We all know that the keto diet has become quite popular recently. According to recent scientific studies, it has been proven that the diet is very low-carb, high-fat diet, and considered as effective for weight loss, diabetes as well as epilepsy.

There is also early evidence to show that it is very beneficial for certain cancers, Alzheimer's disease, and several other diseases.  It is essential to keep in mind that a well-balanced ketogenic diet limits carbs to 20–50 grams per day. However, it may seem challenging, and many nutritious foods easily fit into this way of eating.

Seafood

It is essential to keep in mind that both fish and shellfish are considered as keto-friendly foods. It is fascinating to know that salmon and other fish are loaded with rich in B vitamins, potassium, or selenium, yet virtually carb-free. However, the carbohydrates in various types of shellfish vary. However, the shrimp and most crabs contain no carbs, as well as types of seafood, do.

Moreover, jeep in mind that the mackerel and other fatty fish are high in omega-3 fats that have been found to lower insulin levels or increase insulin sensitivity in overweight and obese people.

Low-Carb Vegetables

Non-starchy vegetables are low in carbohydrates but high in several nutrients such as vitamin C and several minerals. Moreover, herbs or other plants that contain fiber that your body doesn't digest and absorb like other carbohydrates.  A lot of vegetables contain very few net carbs.

Moreover, vegetables also include antioxidants that aid protects against free radicals that are unstable molecules that can cause cell damage.

Cheese

Cheese is considered one of the most nutritious fat, and there are hundreds of types of cheese. All of them are very low in carbohydrates and high in fat, which makes them an excellent fit for a ketogenic diet. Along with this, cheese is also high in saturated fat. However, it hasn't been shown in order to increase the risk of heart disease. Eating cheese too help reduce the loss of muscle mass and strength that occurs with aging.

Avocados

Avocados are loaded with several vitamins and minerals, such as potassium that is considered an essential mineral many people may not get enough of. However, a potassium intake also helps make the transition in order to a ketogenic diet more manageable. Avocados also help to improve cholesterol and triglyceride levels.

Meat and poultry

Both meat and poultry are stapled foods on a ketogenic diet. These foods are also used frequently while following a gluten-free diet. It is essential to know that fresh meat and poultry contain no carbs, and it is also rich in B vitamins as well as several minerals such as potassium, selenium, and zinc.

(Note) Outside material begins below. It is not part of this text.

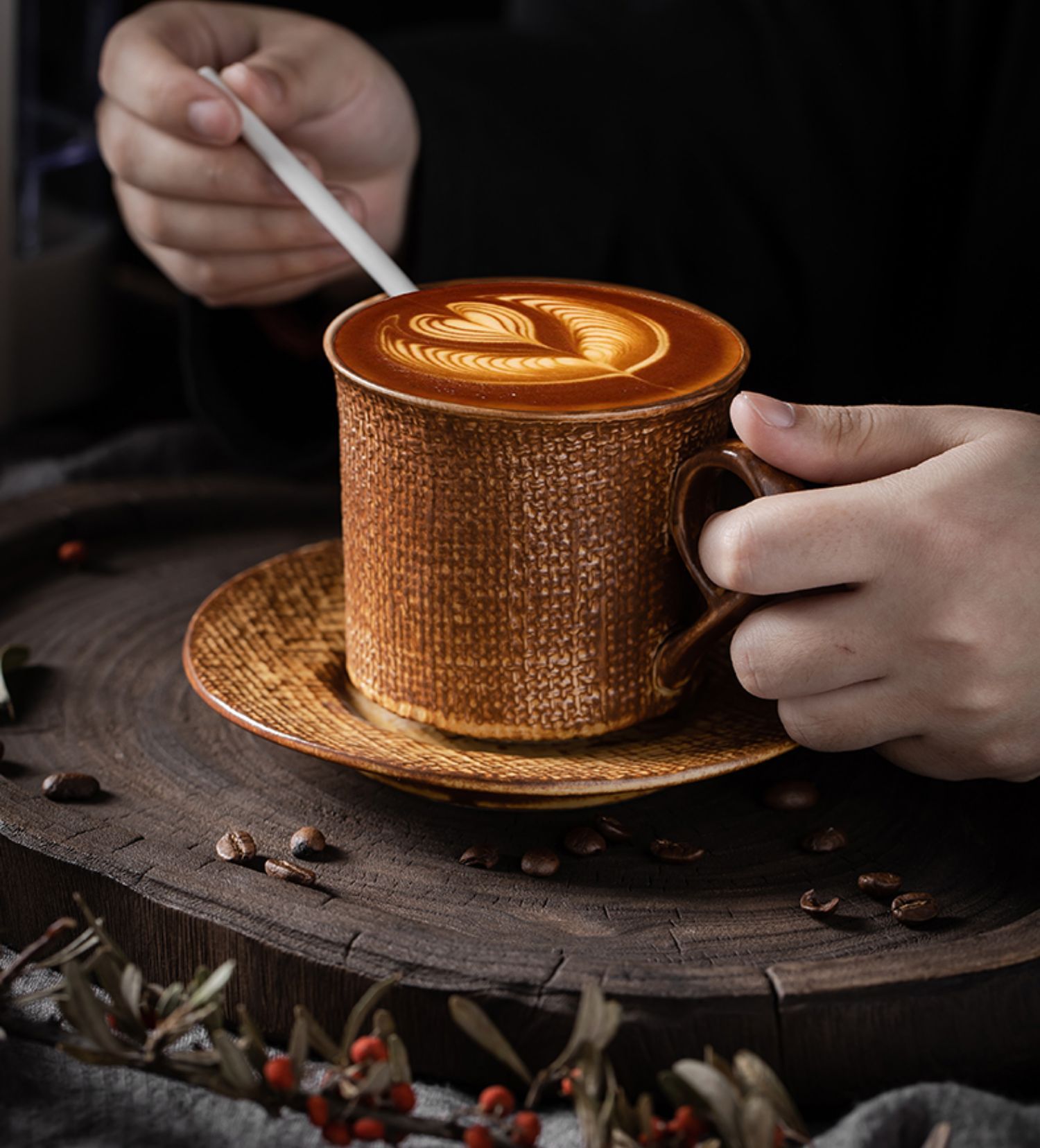日本瀨戶燒古樸手作粗陶麻紋咖啡杯杯子點心碟下午茶杯日式馬克杯

Meat is also a great source of protein that has been shown in order to help preserve muscle mass during a very low-carb diet.  If you are going to follow the proper keto diet, it is best to select the grass-fed meat if possible. The reason is that animals that eat grass produce meat with higher amounts of omega-3 fats are responsible for conjugated linoleic acid or antioxidants than meat from grain-fed animals.

Eggs

eggs are known as one of the healthiest as well as the most versatile foods on the planet. It is fascinating to know that one large egg contains less than 1 gram of carbs and 6 grams of protein. Furthermore, eggs have also been shown in order to trigger hormones that increase feelings of fullness and also keep blood sugar levels stable, leading to lower calorie intakes.

Coconut oil

Coconut oil comprises some of the unique properties that make it well suited for a keto diet. It also contains MCTs that are taken up directly by the liver and also converted into ketones and used as a rapid source of energy. Along with this, coconut oil has also been used to increase ketone levels in people with Alzheimer's disease.